### Given material:
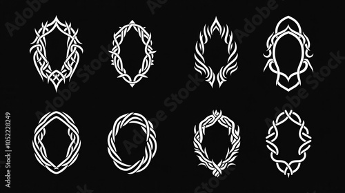 Collection of artistic hand-drawn hearts, crowns, and arrows in black ink style
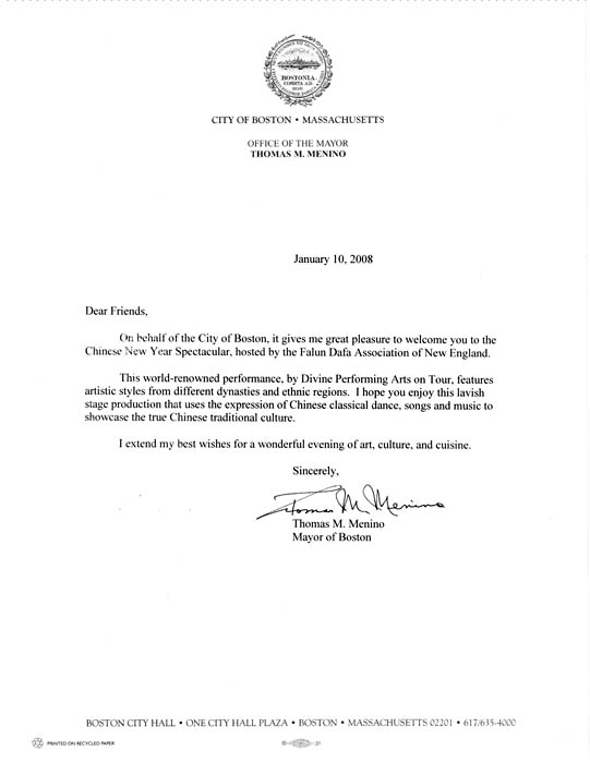 我代表波士頓非常高興歡迎你們前來欣賞新英格蘭法輪大法協會主辦的華人新年晚會。
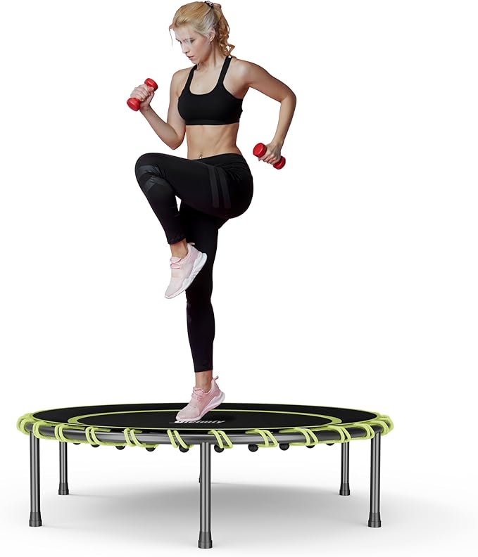 - ✅【Unique and Fun】: Trampoline an Aerobic Exercise, tone your body,Soft but Strong Bounce Back workout can maximize your cardio endurance, stamina,help build muscle mass and strengthen the shoulder, hip and leg muscles.A Perfect Home Gym Equipment for Men and Women,Even at an entry level, you’ll be able to pick it up quickly.

### Task item:
Would you restate word for word only the lines from the one containing "我代表波士頓非常高興歡迎你們前來欣賞新英格蘭法輪大法協會主辦的華人新年晚會。" to the final line of the material, both ends included, without any pictures?

### Answer for this exercise:
 我代表波士頓非常高興歡迎你們前來欣賞新英格蘭法輪大法協會主辦的華人新年晚會。
 - ✅【Unique and Fun】: Trampoline an Aerobic Exercise, tone your body,Soft but Strong Bounce Back workout can maximize your cardio endurance, stamina,help build muscle mass and strengthen the shoulder, hip and leg muscles.A Perfect Home Gym Equipment for Men and Women,Even at an entry level, you’ll be able to pick it up quickly.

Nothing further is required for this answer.